Extract Subfiles

To filter all files in a container file, you must open the container and extract its subfiles to either a file or a stream. The extraction process is done repeatedly until all subfiles are extracted and exposed for filtering. After a subfile is extracted, you can call Filter API methods to filter the data.

If you want to filter a container file and its subfiles, to a single file, you must extract all files from the container, filter the files, and then append the filtered text to the same output file.

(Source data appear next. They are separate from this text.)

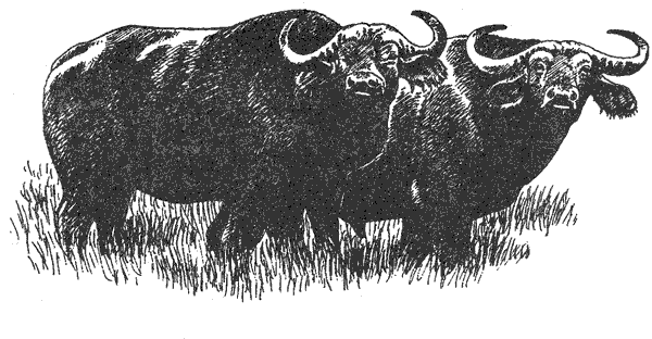 Однажды утром мы спозаранку выехали из лагеря, заслышав доносящийся с востока призыв льва. Лучи восходящего солнца с трудом пробивались сквозь тяжелые серые облака: снова сильные дожди собирались пролиться над Северной Ботсваной. Я осматривал окрестности в поисках львиного следа, когда увидел перед собой стадо буйволов. Оно было не так уж велико по местным стандартам – около ста голов, в то время как в некоторые сезоны года здесь можно видеть одновременно около двух тысяч и даже до трех тысяч буйволов. Каждый день эти животные приходят на водопой на отмели Чобе, и глубокие отпечатки их раздвоенных копыт видны повсюду на красной почве резервата. Возможно, именно здесь, на открытых местах между лесистыми угодьями и рекой, львы охотятся на этих внушительных травоядных.
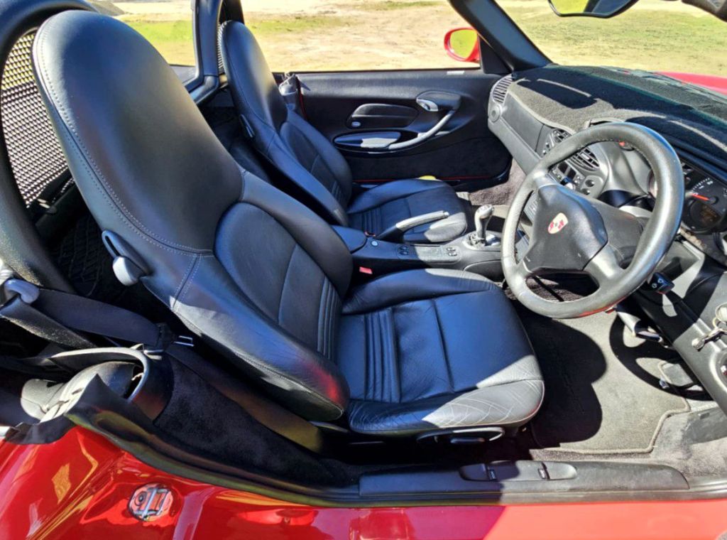 Finished smartly in Guards Red with black trim and soft-top, with optional wheels it makes as striking a car as it would have 23 years ago. The same owner has kept the car all this time, covering 121,000km in it.
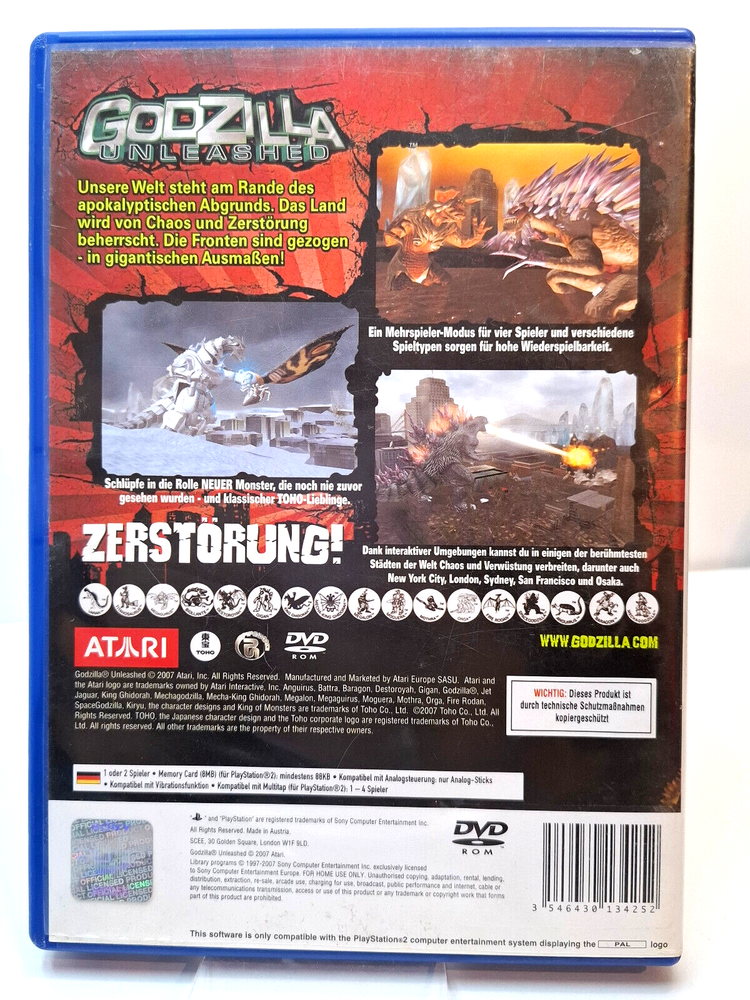 Godzilla Unleashed - PS2 - Sony PLAYSTATION 2 Game Boxed - Pal - Atari The description of this item has been automatically translated. If you have any questions, please feel free to contact us. - NOTE: used games CD + original packaging + instructions (if applicable. on CD) - Text on the back of the packaging mostly in German or English - Fully functional and tested used goods from the specialist dealer in Lübeck - Has normal age-related wear - The language in the game is mostly English or German. - Shipping from 23554 Lübeck/Germany, item in stock - We have a great selection in our Ebay shop - Customer service is very important to us. - We have a team of friendly staff who are happy to help you. - You can reach us from Monday to Friday from 10 a.m. to 5 p.m - Our customer service is not available on weekends and public holidays - The invoicing for this article is carried out using differential taxation in accordance with Section 25a UStG. (It is therefore not possible to show sales tax). - NOTE: used games CD + original packaging + instructions (if applicable. on CD) - Text on the back of the packaging mostly in German or English - Fully functional and tested used goods from the specialist dealer in Lübeck - Has normal age-related wear - The language in the game is mostly English or German. - Shipping from 23554 Lübeck/Germany, item in stock - We have a great selection in our Ebay shop - Customer service is very important to us. - We have a team of friendly staff who are happy to help you. - You can reach us from Monday to Friday from 10 a.m. to 5 p.m - Our customer service is not available on weekends and public holidays - The invoicing for this article is carried out using differential taxation in accordance with Section 25a UStG. (It is therefore not possible to show s Marke Sony Besonderheiten Mit Anleitung und Verpackung Regionalcode PAL Herausgeber USK-Einstufung USK ab 12 Jahren Genre Action & Abenteuer Plattform Sony PlayStation 2 Spielname Godzilla: Unleashed EAN 3546430134252

You can iterate over subfile information by calling the Subfiles method on a document object. Each element returned by the iterator contains information about the subfile, and a method to let you extract it:

Copy
foreach (Subfile file in myDoc.Subfiles()) using (file)
{
    Console.WriteLine($"Subfile {file.Index()}, size: {file.Size()}");
    if (file.GetSubfileType() != SubfileType.Folder)
    {
        string outputPath = GenerateOutputPath(file);
        file.Extract(outputPath);
    }
}

In this example, GenerateOutputPath() is a function that returns the path you want to use for the extracted subfile. If the name of the subfile does not matter (for example, the subfile will being passed into KeyView for further processing) you could use a unique identifier like a GUID. If you instead choose to base the filename on Subfile.RawName() - the path the container file provides - you should ensure you protect against directory traversal attacks (where the name of the subfile contains a relative or absolute path).